- _YOUR GOAL_
Copying starts at the line containing "大盘的走势,不太错乱。本ID" and stops after the last line of the records; each line is repeated exactly, and pictures are skipped.

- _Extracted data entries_
◆ ◆ ◆ ◆ ◆
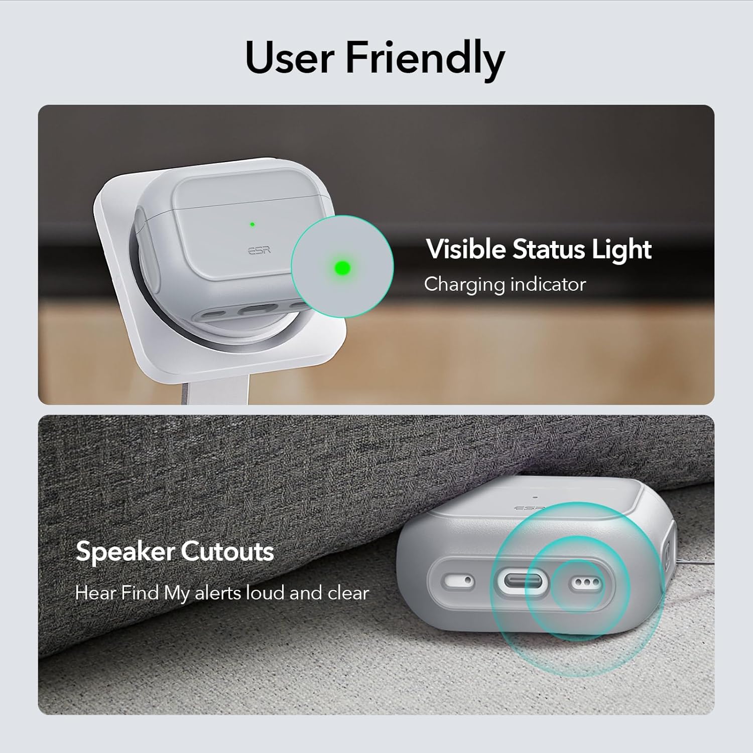 Speaker Cutouts: specially positioned apertures on the base let you hear the FIND MY app sound loud and clear, so you’ll always know where your earbuds are
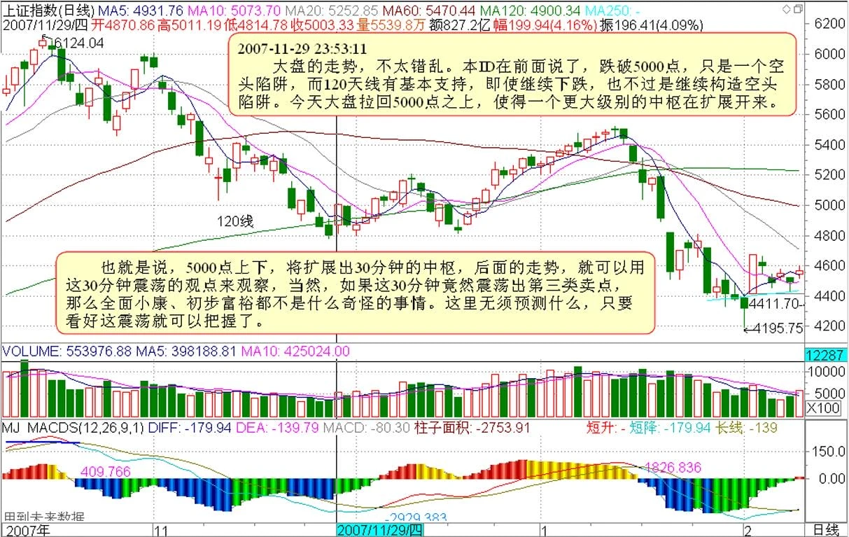 大盘的走势,不太错乱。本ID在前面说了,跌破5000点,只是一个空头陷阱,而120天线有基本支持,即使继续下跌,也不过是继续构造空头陷阱。今天大盘拉回5000点之上,使得一个更大级别的中枢在扩展开来。也就是说,5000点上下,将扩展出30分钟的中枢,后面的走势,就可以用这30分钟震荡的观点来观察,当然,如果这30分钟竟然震荡出第三类卖点,那么全面小康、初步富裕都不是什么奇怪的事情。这里无须预测什么,只要看好这震荡就可以把握了。
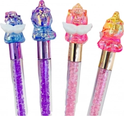 Długopis żelowy z czarnym atramentem i kolorowym wyglądem, ozdobiony obrotową figurką jednorożca, łączy praktyczność z niepowtarzalnym urokiem. Świetnie leży w dłoni dzięki długości 17 cm i łatwo go przenosić w piórniku, kosmetyczce lub torebce.
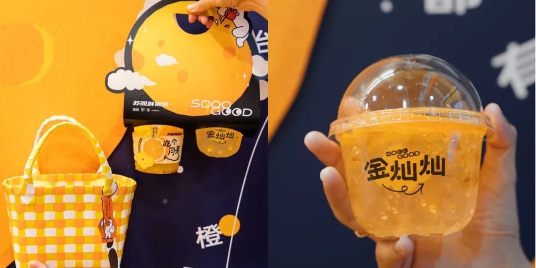 比如“发光奶茶”。中秋节时,苏阁鲜果茶的推出有真橙桂花花和真橙奶椰椰2款产品,点任意一款,加3元就能获得一杯名为“金灿灿”的冰粉杯。
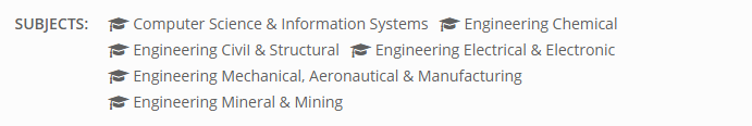 (P.S.清华大学计算机科学与信息系统专业世界第15,北京大学第18;清华大学的化学工程第11,土木与结构工程世界第9,电气电子工程第12,机械与航空制造第14;采矿工程则受地理位置影响较大,像科罗拉多矿业大学就拿了世界第1,南京大学第25)
◆ ◆ ◆ ◆ ◆
- _TASK OUTPUT_
 大盘的走势,不太错乱。本ID在前面说了,跌破5000点,只是一个空头陷阱,而120天线有基本支持,即使继续下跌,也不过是继续构造空头陷阱。今天大盘拉回5000点之上,使得一个更大级别的中枢在扩展开来。也就是说,5000点上下,将扩展出30分钟的中枢,后面的走势,就可以用这30分钟震荡的观点来观察,当然,如果这30分钟竟然震荡出第三类卖点,那么全面小康、初步富裕都不是什么奇怪的事情。这里无须预测什么,只要看好这震荡就可以把握了。
 Długopis żelowy z czarnym atramentem i kolorowym wyglądem, ozdobiony obrotową figurką jednorożca, łączy praktyczność z niepowtarzalnym urokiem. Świetnie leży w dłoni dzięki długości 17 cm i łatwo go przenosić w piórniku, kosmetyczce lub torebce.
 比如“发光奶茶”。中秋节时,苏阁鲜果茶的推出有真橙桂花花和真橙奶椰椰2款产品,点任意一款,加3元就能获得一杯名为“金灿灿”的冰粉杯。
 (P.S.清华大学计算机科学与信息系统专业世界第15,北京大学第18;清华大学的化学工程第11,土木与结构工程世界第9,电气电子工程第12,机械与航空制造第14;采矿工程则受地理位置影响较大,像科罗拉多矿业大学就拿了世界第1,南京大学第25)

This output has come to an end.